Не дождавшись ответа, Грейс засобиралась в дом.

– Что с тобой? – спросил он вслед в безотчетном стремлении удержать ее, почти не пытаясь бороться со своей симпатией.

Она обернулась. Сердце у него тягостно замерло и упало.

– В последнее время я неважно себя чувствую.

– Из-за него? – Он попытался придать голосу невозмутимости, но вышло скверно, его притязания на притворство были куда больше его способностей.

Грейс наклонила голову набок, с пристальностью непонятного характера изучая его.

– Игра в безразличие – мучительная пытка, Майкл. Не стоит так напрягаться.

Она сделала это впервые – назвала его по имени, и на миг он потерялся, военные укрепления дали трещину.

– Почему он умер? – уже своим голосом спросил он.

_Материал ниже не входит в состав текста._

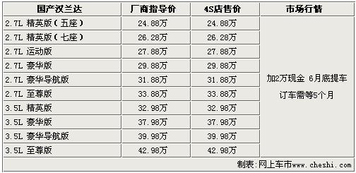 2009年5月25日,广州丰田正式推出了SUV车型汉兰达,售价24.88—42.98万元。作为一款日系经典SUV车型,这款车以进口方式销售时就得到了广大消费者的喜爱,此次国产后的汉兰达增加了2.7升排量的车型,不仅使车系的价格较进口车型降低不少,而且还增加了消费者的选择空间。目前国产汉兰达的现车还没有到店,急于提车的消费者需要加价提车。

– Он убил себя, ты ведь знаешь.

– Я не спросил как – я спросил почему. Он сделал это из‐за Мэри? Он любил ее?

На лбу у Грейс вздулась жилка, и Майклу до боли захотелось прикоснуться к ней губами, так сильно, что он поджал их, чтобы не признаться в этом вслух.

– Игра в безразличие – мучительная пытка, Грейс. Не стоит так напрягаться.

Ее губы изогнулись в едва заметной улыбке.

– Что ж, полагаю, наши разногласия остались в прошлом. Можешь присоединиться к чаепитию. К десерту подадут бисквит.

– Ненавижу бисквит.

– И ореховые трюфели.

– Терпеть не могу. – Он ощутил, как краска предательски прилила к щекам.

– У тебя аллергия на орехи?

– Нет. С чего ты взяла?

– Еще не родился тот человек, который не любит трюфели, – сказала она и вернулась в дом.

Любопытство Майкла пересилило гордыню. Повержен. Он отправился в гостиную, где вел себя, подобно Премьер-министру, как послушный мальчик: тихо пил чай под милое щебетание матери.

Вина, обвившаяся скользкой змеей вокруг него, стянула кольца плотнее.

Грибы

После занятий Майкл нашел тихий уголок в одном из читальных залов, залитом зимним свечением, забрался на подоконник эркерного окна и сделал набросок Тронного зала Артура – главного корпуса Лидс-холла с резными окнами, напоминавшими скелет, и остроконечными крышами, проткнувшими серость небосвода. Дальше наброска дело не пошло – скука и сонливость навалились на него плотной волной. Чернее черного.

Рядом с Майклом приземлился пакет с обедом – он дернулся, словно при падении, – и на подоконнике устроился Фредерик Лидс, окруженный каким-то колдовским, трепетным мерцанием. Майкл закрыл альбом и прижал к груди – до сих пор никому не показывал рисунки, – но когда Фред молча протянул руку, он, словно загипнотизированный мелодией редкого инструмента, передал ему альбом. Белоснежные листы подсветили точеное лицо. Неморгающие проницательные глаза изучили рисунки со спокойствием и внимательностью опытного коллекционера. Вернув альбом, Фред спросил:

– Почему не ходишь на уроки мистера Хайда?

Майкл пожал плечами, ядовитый плющ нестерпимого стыда и страха, что давно сковал его сердце, затянулся сильнее.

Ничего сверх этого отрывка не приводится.